Michigan Economy Jumps in January: Comerica Index
DETROIT — Comerica Bank’s Michigan Economic Activity Index rose seven points in January, up to a level of 98. The January index level is 38 points, or 63 percent, above the index cyclical low of 60 at the bottom of the last recession.
January marks the highest index reading since January 2006, and it is seven points above the index average for all of 2011.
“A rebounding U.S. auto industry drove our Michigan Economic Activity Index sharply higher in January, after stalling in late 2011,” siad Robert Dye, chief economist at Comerica Bank. “Every component of the Michigan index increased in January, a sign that the recovery in Michigan is reaching beyond the revitalized auto industry and into the non-manufacturing sectors of the state economy. Threats to the Michigan economy are still visible in the form of cooler global macroeconomic conditions, higher energy prices and expected cuts in federal defense spending. However, these headwinds are not expected to reverse the state’s recent hard-fought gains.”

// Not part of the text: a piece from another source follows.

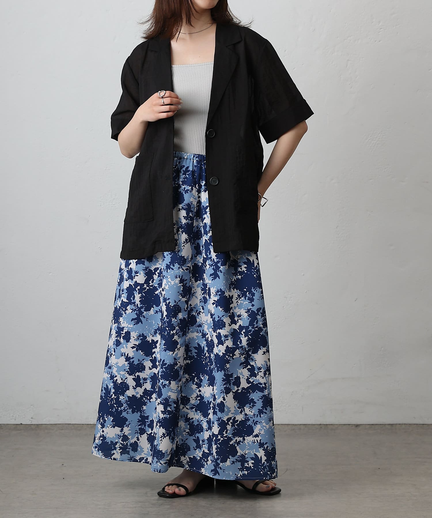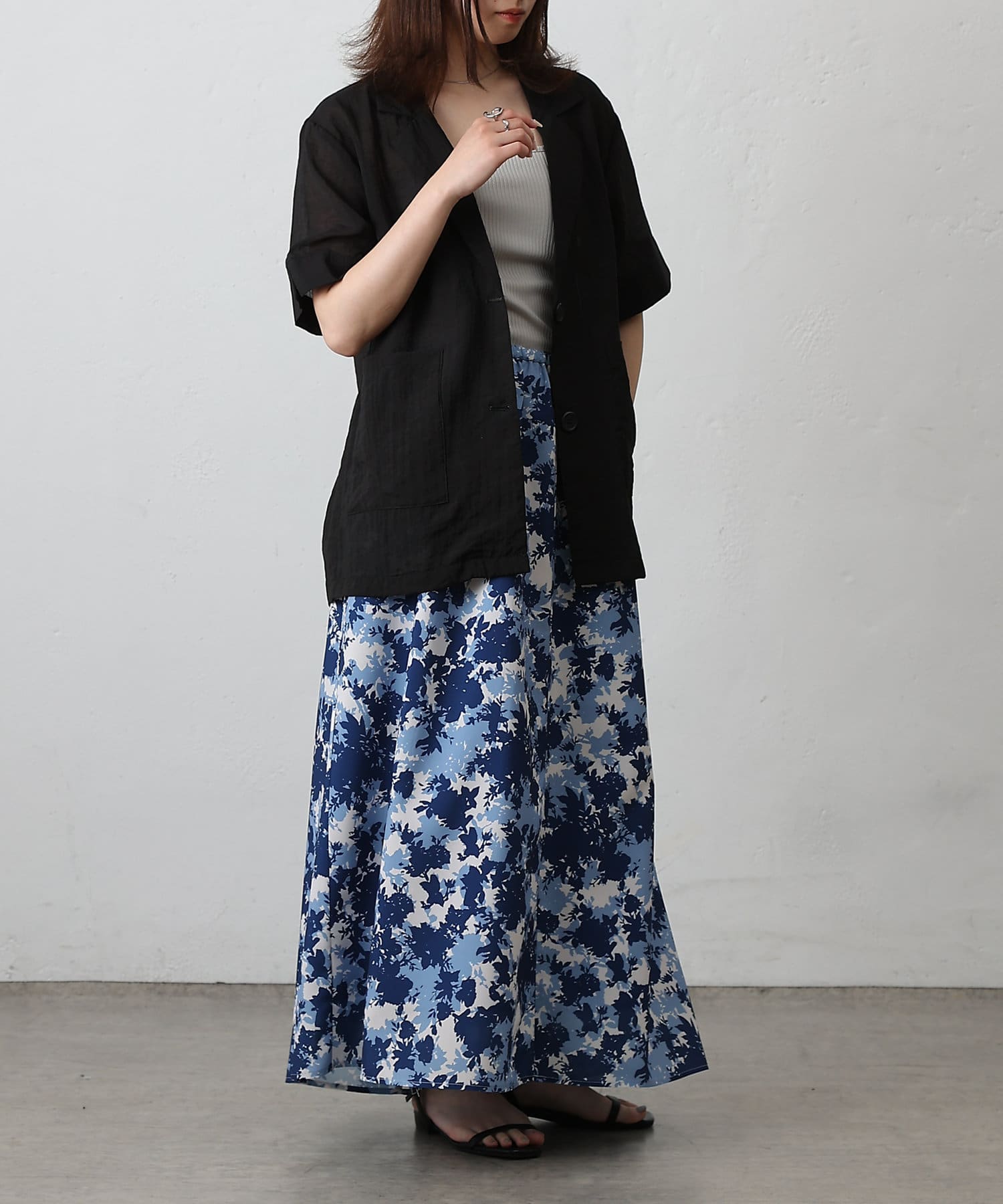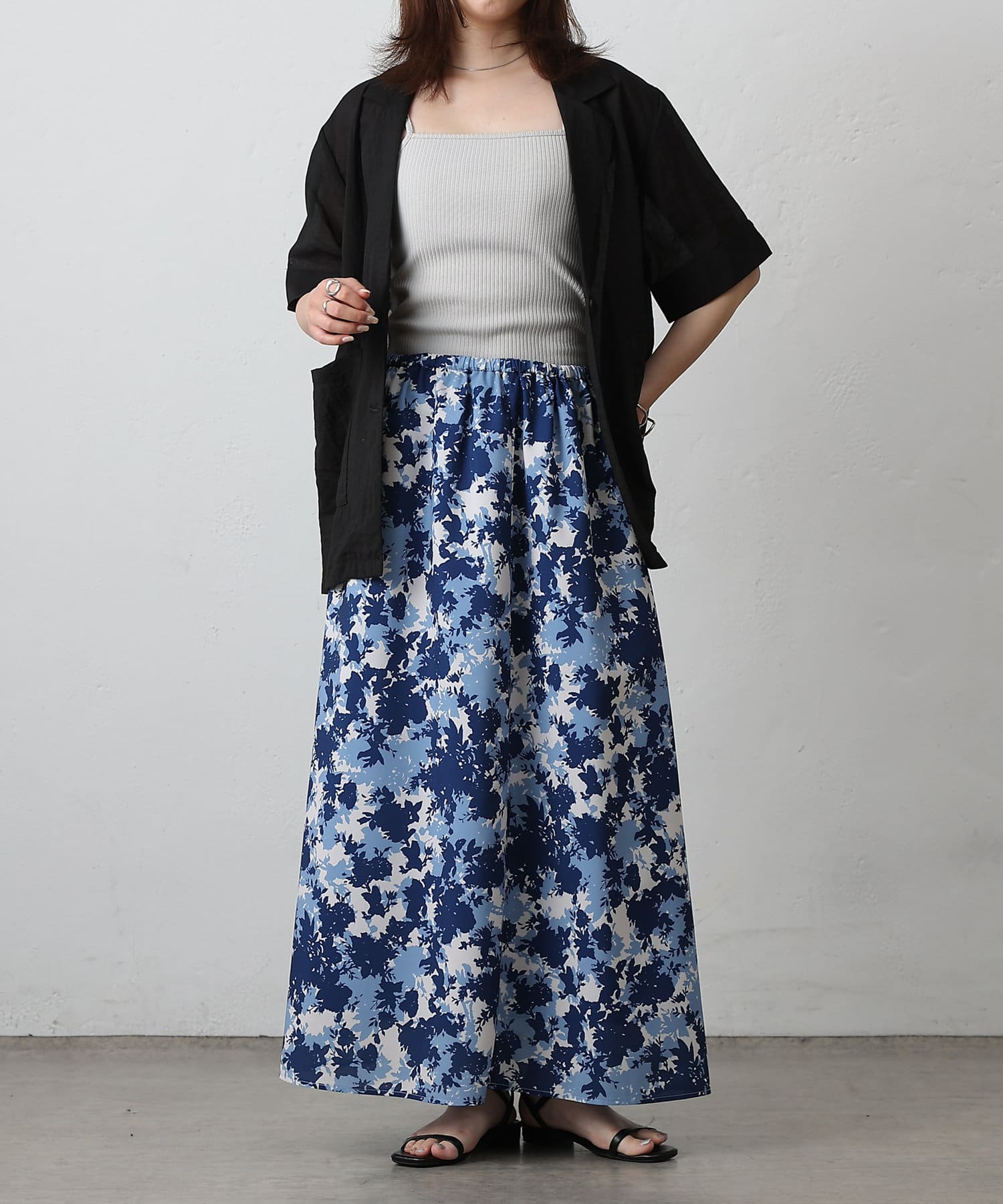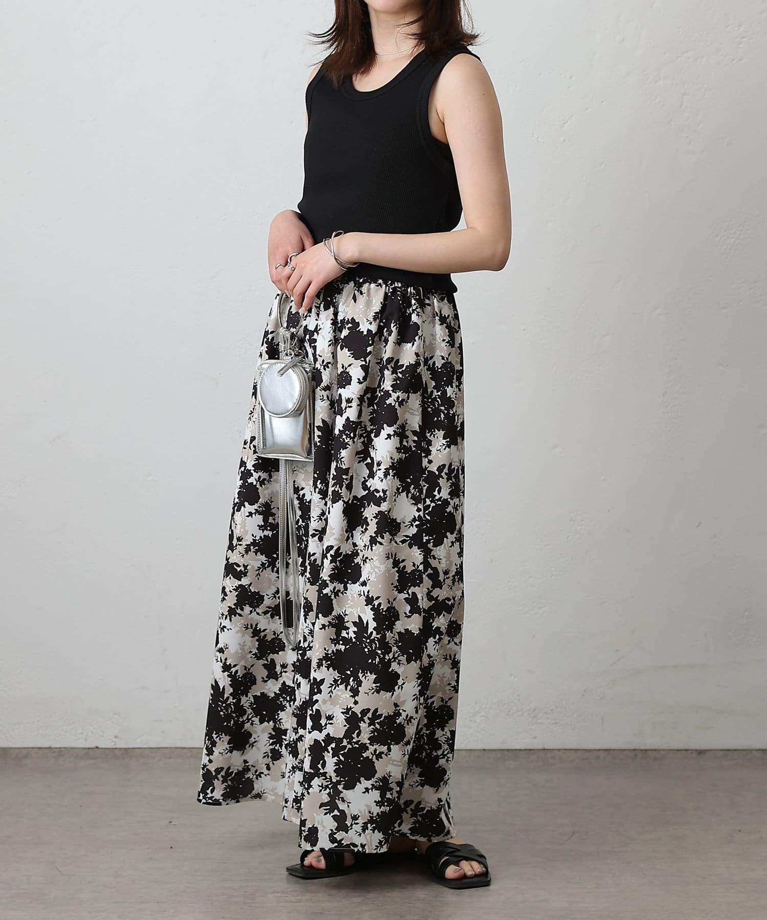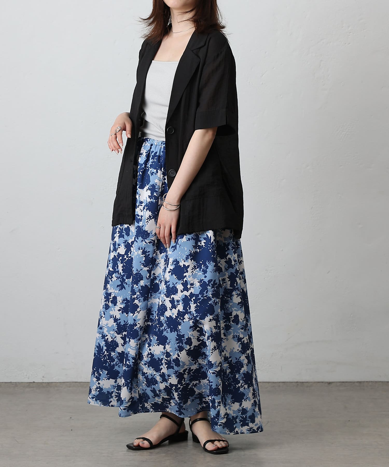 華やかなボタニカル柄プリントがコーディネートの主役になるフレアスカート。

The Michigan Economic Activity Index consists of seven variables, as follows: nonfarm payrolls, exports, sales tax revenues, hotel occupancy rates, continuing claims for unemployment insurance, building permits, and motor vehicle production. All data are seasonally adjusted, as necessary, and indexed to a base year of 2004. Nominal values have been converted to constant dollar values. Index levels are expressed in terms of three-month moving averages.